In 2005 zijn de data van de 5e Nauwkeurigheidswaterpassing naar het Bundesamt für Kartographie und Geodäsie (BKG) in Leipzig gezonden, evenals een update van de data van de vijftien GPS-stations die deel uitmaken van het Europese hoogtenet European Vertical Network Densification Array (EUVN-DA). Deze data dienen om het EUVN-DA te kunnen verbinden met het Europese waterpasnet UELN 2005 (United European Levelling Network).


Zwaartekrachtinfrastructuur

In Nederland werd in de zomer van 2006 weer een campagne verricht voor absolute zwaartekrachtmetingen op zes stations. De metingen zijn uitgevoerd door O. Francis, verbonden aan de Universiteit van Luxemburg en het European Center for Geodynamics and Seismology in samenwerking met het Department of Earth Observation and Space Systems (DEOS) van de TU Delft. De stations waar gemeten werd, zijn Zundert (brandweerkazerne), Kootwijk (watertoren op het terrein van Radio Kootwijk), Wageningen (gebouw van het Nationaal Herbarium Nederland van de Wageningen Universiteit), Westerbork (gravimetriebunker op het terrein van de Stichting Astronomisch Onderzoek Nederland (ASTRON)) en Epen (seismisch station van het KNMI). Met de genoemde metingen ging DEOS door met onderzoek naar de realisatie van een nauwkeurig verticaal datum door middel van absolute zwaartekrachtmetingen. Hiervoor is bij Micro-g een absolute gravimeter aangekocht, namelijk de FG-5 S/N 234. Het instrument arriveerde in november 2006 en in december zijn met dit instrument de eerste testmetingen verricht in Luxemburg. Het instrument zal in de volgende jaren worden ingezet voor onderzoek naar de realisatie van een hoognauwkeurig verticaal datum voor Nederland. Daarnaast is gedurende 2006 de zwaartekracht ook in continue zin geregistreerd, waarbij alleen de verandering in het zwaartekrachtveld werd waargenomen. Dit werd gedaan met een speciaal daarvoor bedoelde relatieve gravimeter (Lacoste-Romberg ET15) en vond plaats in het station Westerbork in de bovengenoemde gravimetriebunker. De data worden regelmatig geanalyseerd. Voor het onderzoek naar het effect van de omgeving op de gemeten zwaartekracht is een netwerk van verschillende hydrologische sensoren in Westerbork opgebouwd. Naast het meten van regenval, worden grondwaterstandmetingen en bodemvochtigheidmetingen uitgevoerd. Hiervoor is door de sectie Hydrologie van de faculteit Civiele Techniek en Geowetenschappen van de TU Delft een lysimeter ontworpen.

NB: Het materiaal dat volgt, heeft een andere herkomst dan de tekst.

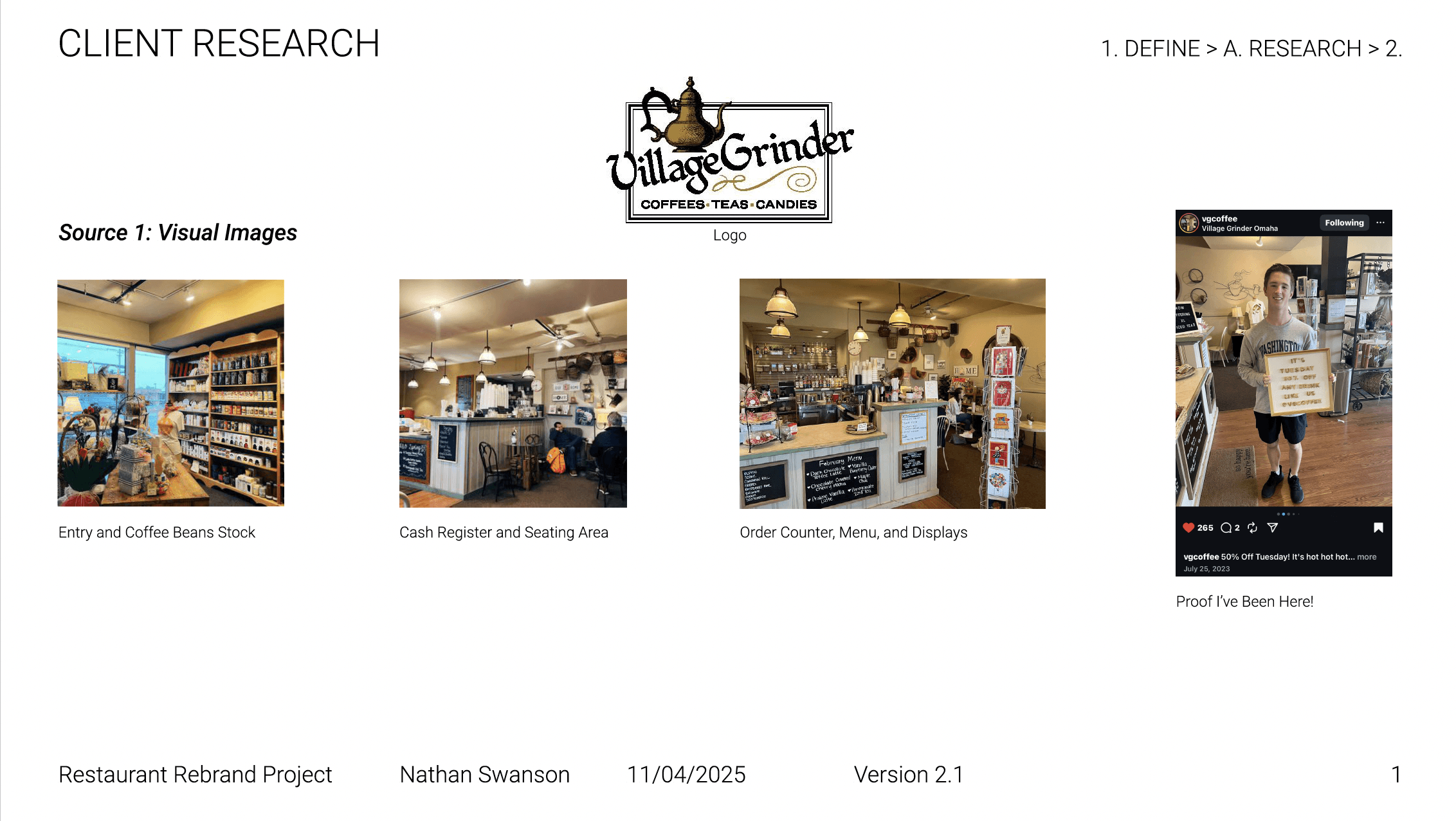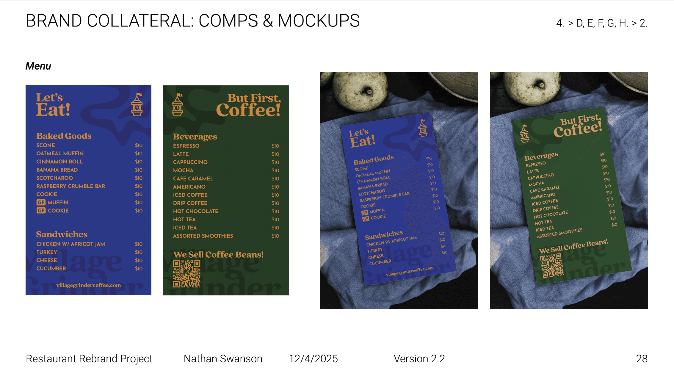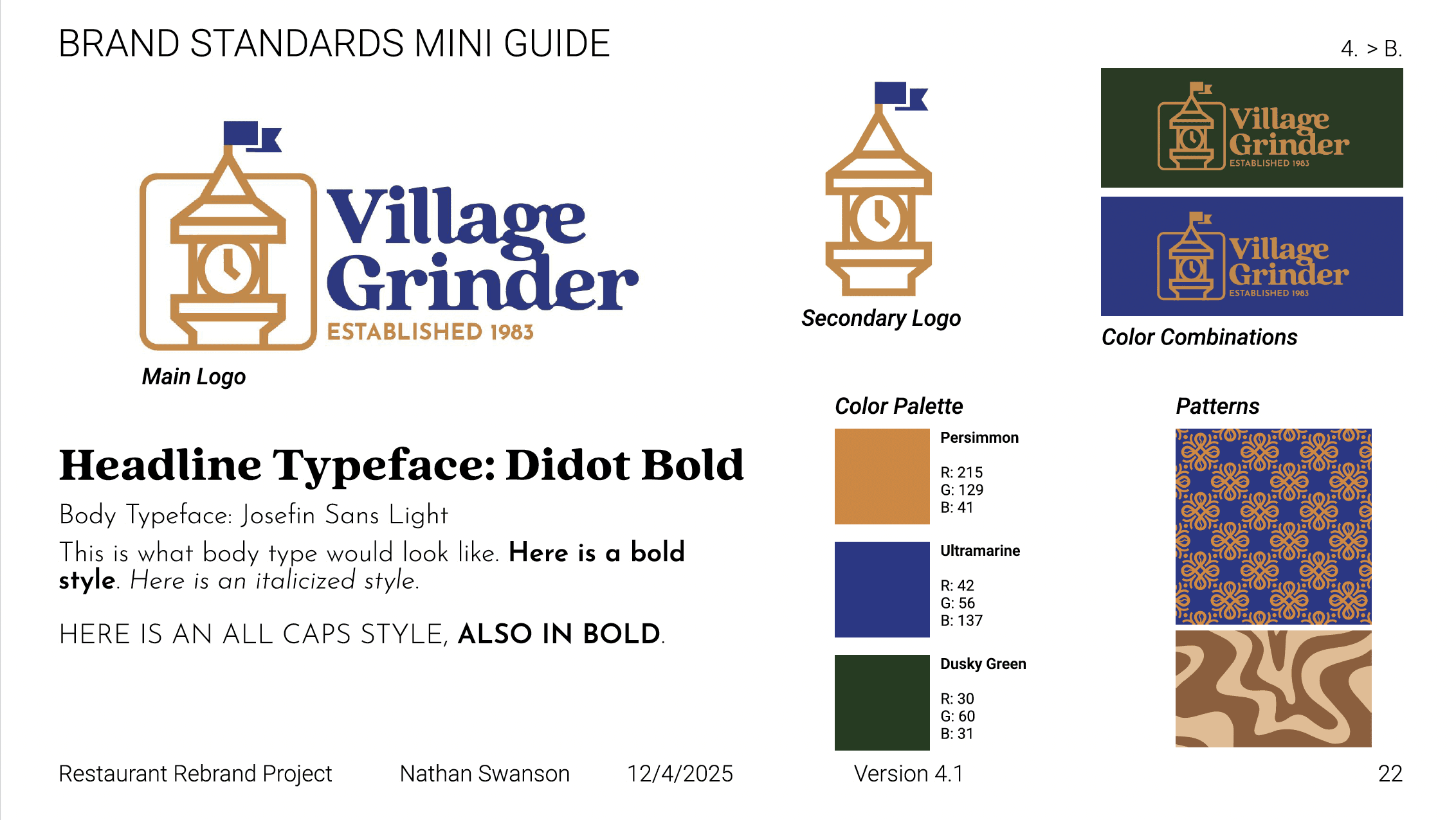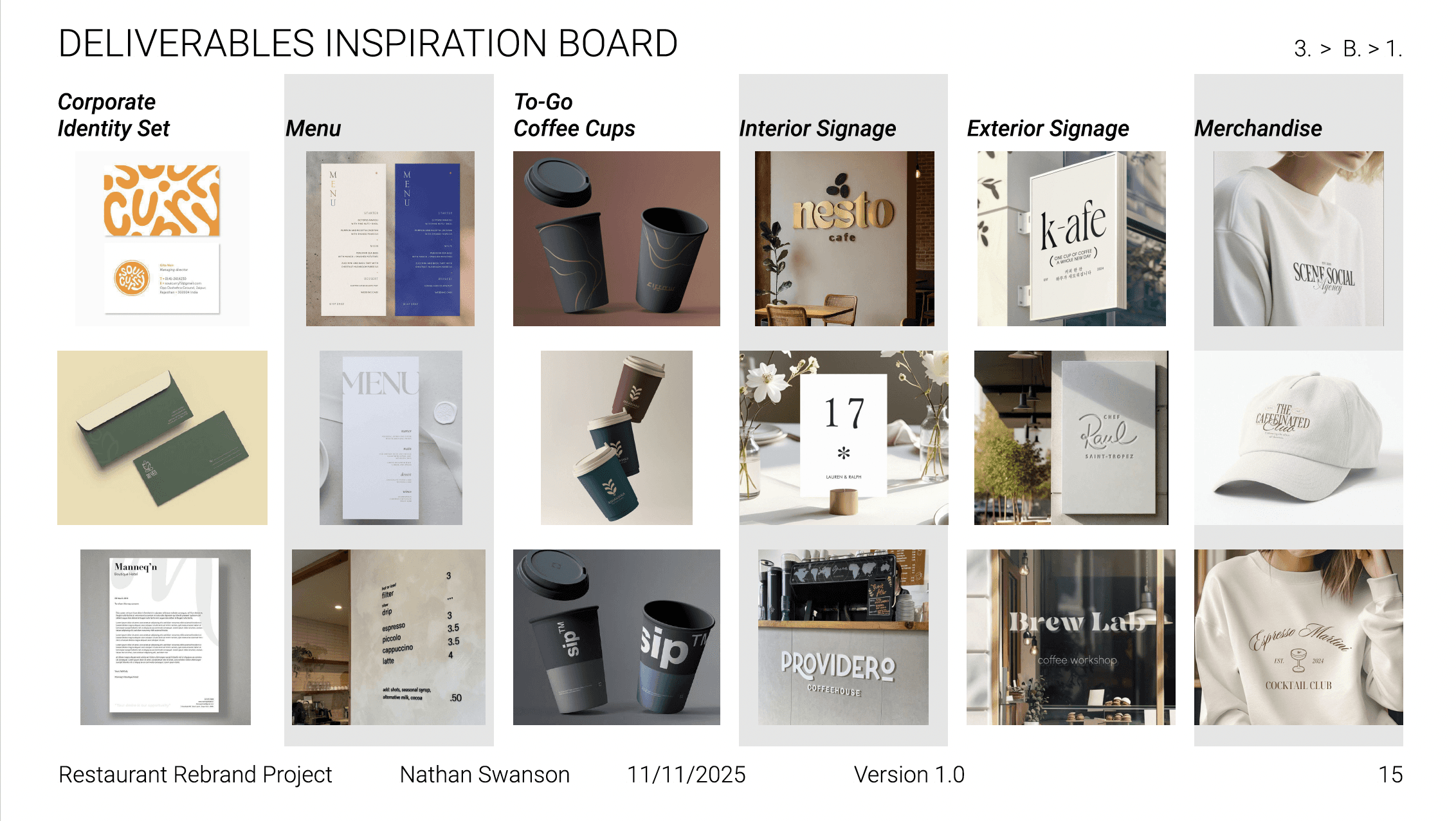 Complete a complete branding redesign for a restaurant, cafe, coffeeshop, etc. Choose an establishment small enough to have a unique story/meaning to a community, but big enough that they would fund a redesign of this caliber. Complete a two-month long process report, starting with gathering information and imagery of your place, and finishing with a complete brand standards guide, 7+ piece deliverables list, and high-quality mockups.

Internationale samenwerking

Op het EUREF2006-symposium (European Reference Frame) in Riga werd Nederland vertegenwoordigd door ir. J. Lesparre en dr.ir. H. van der Marel. Ir. J. Lesparre presenteerde zowel het National Report of the Netherlands als 'The impact of the antenna mounting on the phase centre variation'. Deze laatste presentatie was gebaseerd op ervaringen bij NETPOS.
De EUREF Technical Working Group (ETWG), het uitvoerende orgaan van EUREF waarin dr.ir. H. van der Marel zitting heeft, is gedurende het verslagjaar driemaal bijeengeweest. Dr.ir. R.C.V. Feron van de Adviesdienst Geo-informatie en ICT van Rijkswaterstaat heeft de formele vertegenwoordiging van Nederland namens de geodetische diensten in EUREF aanvaard.